Dataset items
*** Begin section ***
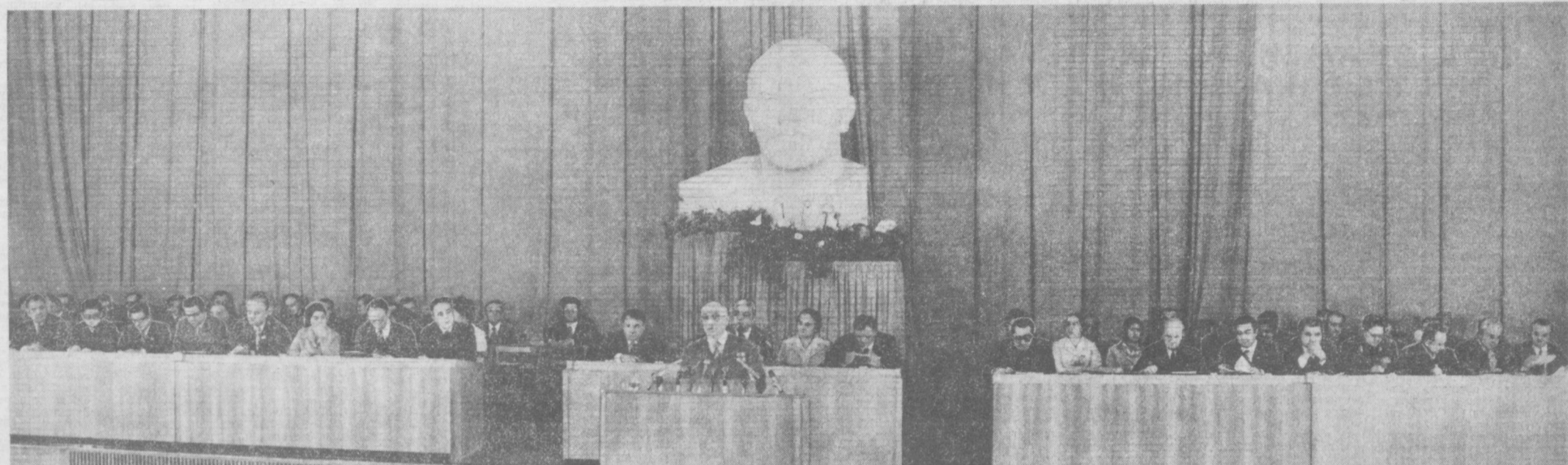
В зале заседаний внеочередной шестой сессии Верховного Совета Узбекской ССР девятого созыва.
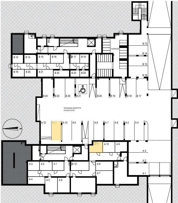
KELLERABTEIL | TIEFGARAGENSTELLPLÄTZE M 1:500
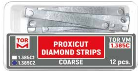
№ 1.385C2 Proxikesim Elmas Stripler, Coarse Tip 2, 0,150 mm kalınlık, 12 adet.
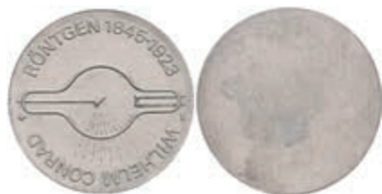
351 5 Mark, 1970, Wilhelm Conrad Röntgen, einseitiger Aluminiumabschlag der Vorderseite, st. Auflage nur 350 Stück. J. 1530A. 50,—
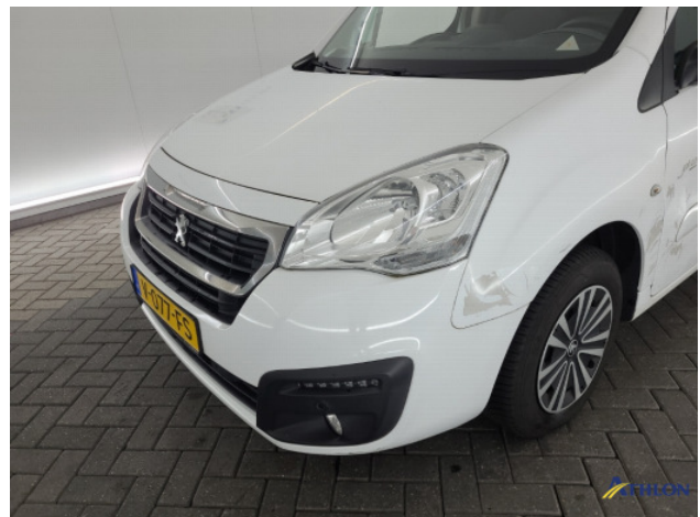
2. Voorbumper Schaafplek
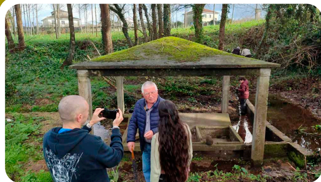
Voluntariado do proxecto Faladoiros de Amabul facendo traballo de recuperación da memoria ambiental e de xénero no lavadoiro de Fontao.
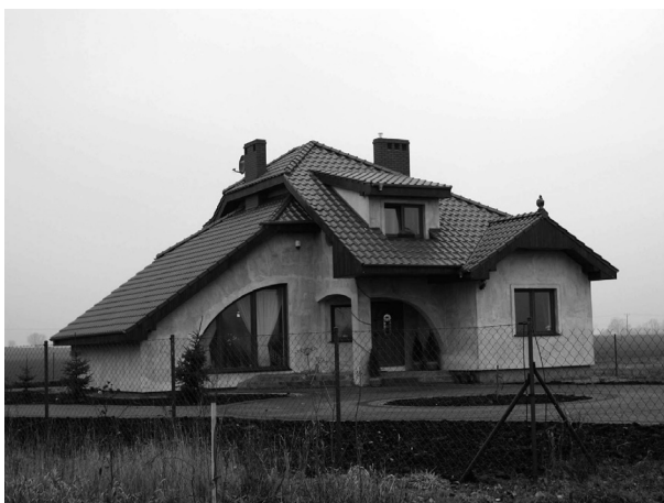
Ryc. 5 .Współcześnie stawiane na Lednicy domy odbiegają od form tradycyjnych. Fig. 5. Present-day build house in Lednica region – different from traditional forms of rural buildings.
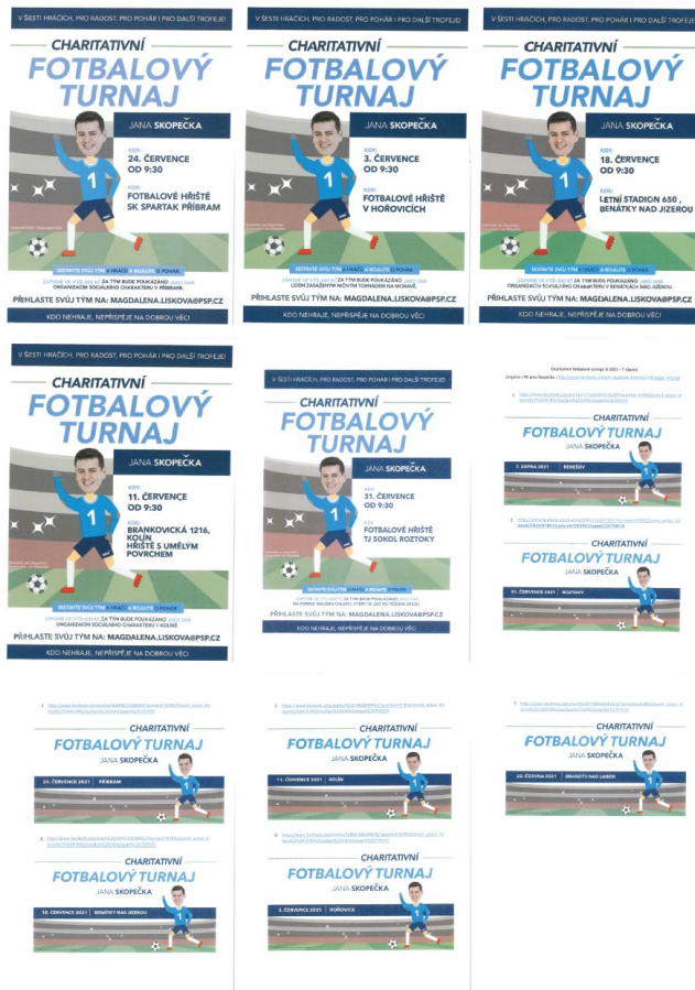
Obrázek č. 4: Plakáty a bannery k akcím
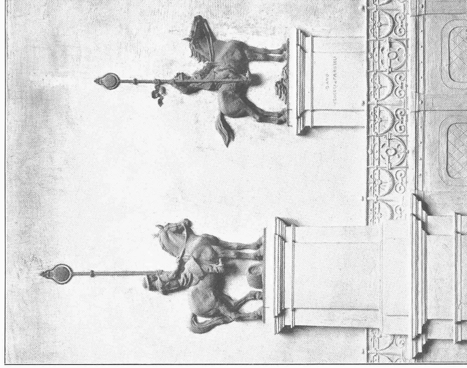
Strompfeiler der Kleinbasler-Seite.
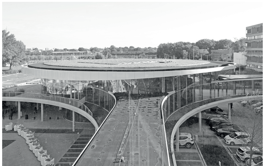
Paviljoen vanuit de poliklinieken
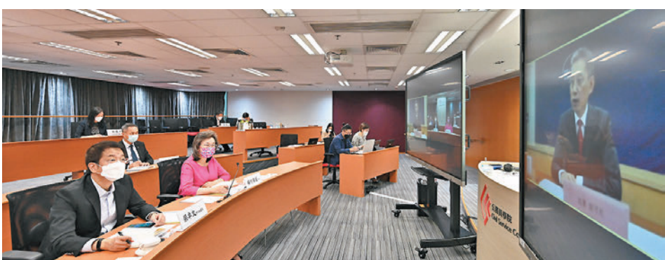
◆公務員學院與外交部駐港特派員公署舉辦的第八場「國家外交事務系列」講座於昨日舉行。

國家主席習近平在慶祝香港回歸祖國25周年大會暨香港特別行政區第六屆政府就職典禮中發表的重要講話中，充分肯定了香港在「一國兩制」下與世界各地緊密聯繫的獨特優勢。因此，特區公務員應該更深入地了解國家的外交政策，從而擴闊他們的國際視野，充分發揮香港作為世界金融、貿易、航海中心的地位優勢。
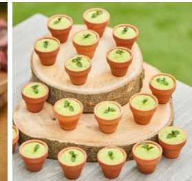
宇治抹茶のティラミス
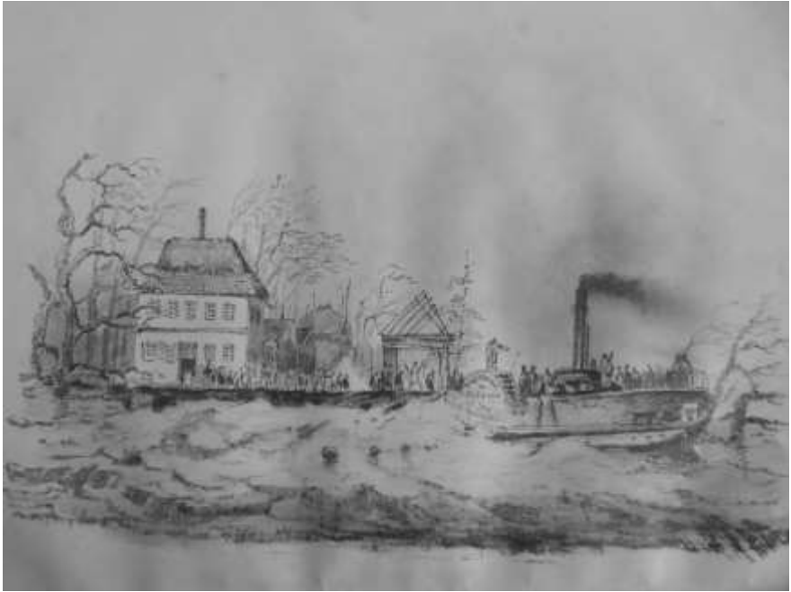
Afbeelding uit een schetsboek souvenir watersnood 1876 - Jan Kuijpers

Het huis is naderhand waarschijnlijk door een brand verwoest en in 1885 volledig afgebroken.
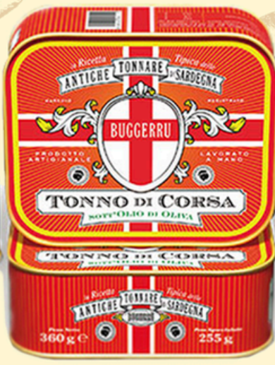
TONNO DI CORSA 360g - €36,00
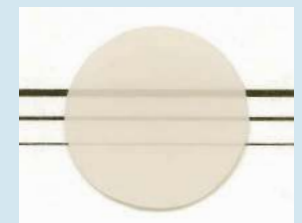
松風ディスクZR ルーセント FA 色調：5Lライト(A2相当) 厚さ：0.5mm
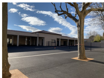
Vue intérieure Cour récréation et préaux
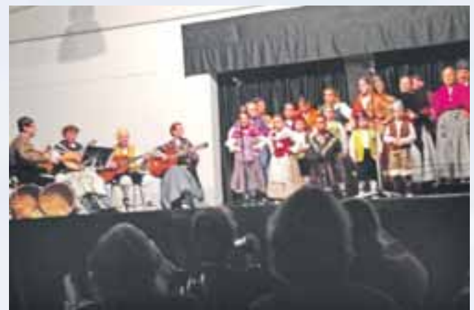
Festival de Folclore Navideño.
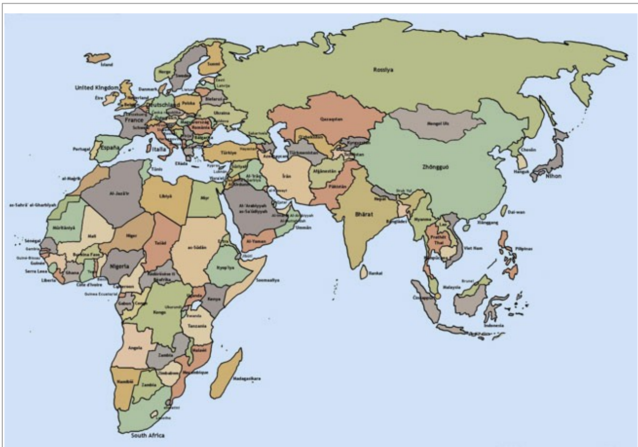
Illustration 5: OA région 9 inclut l'Afrique, l'Europe, le Moyen-Orient et l'Asie du sud-est.

La région 9 est composée de l'Europe de l'Ouest, l'Europe de l'Est, l'Afrique, le Moyen-Orient/ Bassin méditerranéen, l'Asie de l'Ouest.
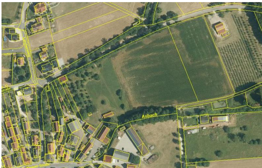
Luftbildkarte des Geltungsbereichs

Die Erschließung ist von der Bergstraße im Westen her möglich. Der von hier aus nach Osten abzweigende landwirtschaftliche Weg muss ausgebaut werden.
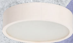
23123 JASMIN 270-W

Modele Kanlux JASMIN w kolorach: dąb sonoma, wenge, złoty dąb z widoczną strukturą drewna.
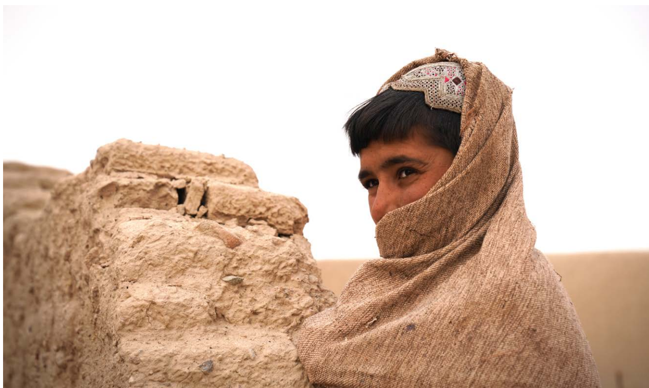
Vue de profil d'un jeune garçon dans le district de Daman à Kandahar, province de Kandahar, Afghanistan, 2024

On parle de RAM lorsque les bactéries, les virus, les champignons et les parasites ne répondent plus aux médicaments antimicrobiens. En raison de la résistance aux médicaments, les antibiotiques et autres traitements antimicrobiens se révèlent inefficaces et les infections deviennent difficiles, voire impossibles à traiter, ce qui accroît le risque de propagation de maladies, le risque de maladies graves, d'invalidité et de décès (3). Les infections résistantes aux médicaments ont non seulement un impact sur la santé des animaux et des plantes, mais elles réduisent également la productivité et peuvent menacer la sécurité alimentaire (1).
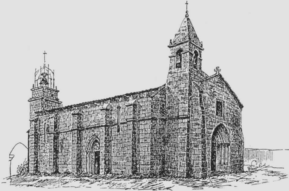
Fig. 1.- A igrexa de Santiago e a Torre do Reloxio a finais do s. XIX, segundo debuxo de Veiga Roel
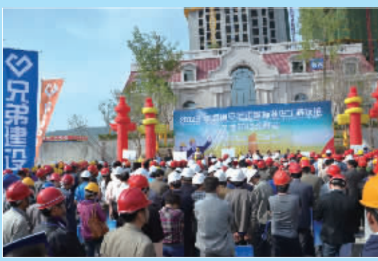
盛大的观摩会，受到西宁业界人士强烈关注。
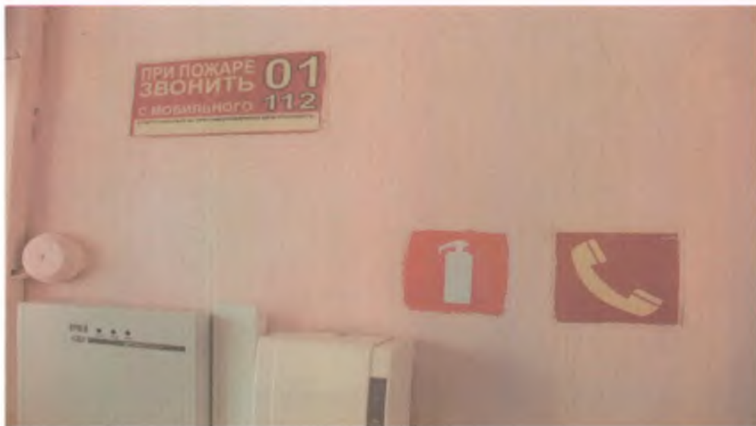
33. Визуальные средства
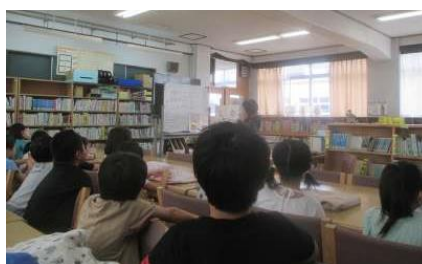
学校図書館司書による読み聞かせ

読書を楽しめる環境づくりや様々なジャンルの本に親しめるような工夫を行っていきたいと考えます。
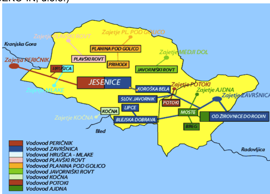
Slika 1: Shema cevovodov v občini Jesenice in občini Jesenice (Vir: JEKO-IN, d.o.o.)

Preglednica 1: Vodovodni sistemi z dolžinami cevovodov in količino distribuirane vode (Vir: JEKO-IN, d.o.o.)
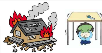
災害時防災資機材展示
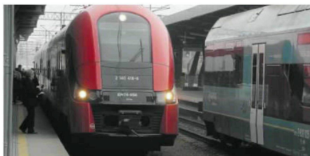
• Po lewej jeden z elfów należących do Polregio

Polregio, jeden z największych przewoźników kolejowych w Polsce, zapowiedział, że na nowo utworzy swój śląski zakład.
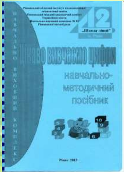
«Цікаво вивчаємо цифри», навчально-методичний посібник

«Вивчення тем «Прикметник» та «Числівник» у почakovій школі»
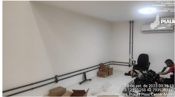
Figura 26 – Espaço destinado ao Espaço Cidadania.
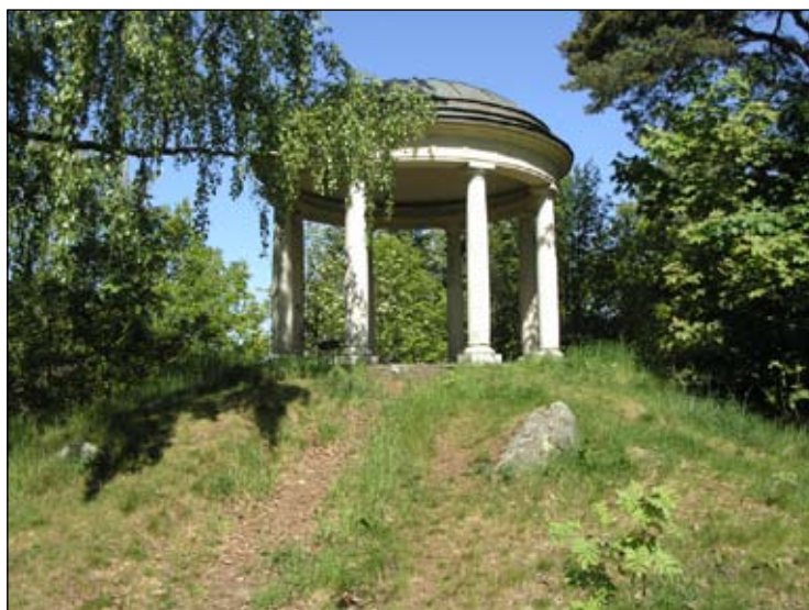
Ekotemplet sett från söder. Lp20080676
*** End section ***
» THE PROBLEM
Search the records line by line for the word "Orient" and copy every line where it appears.

» RESPONSE
Illustration 5: OA région 9 inclut l'Afrique, l'Europe, le Moyen-Orient et l'Asie du sud-est.
La région 9 est composée de l'Europe de l'Ouest, l'Europe de l'Est, l'Afrique, le Moyen-Orient/ Bassin méditerranéen, l'Asie de l'Ouest.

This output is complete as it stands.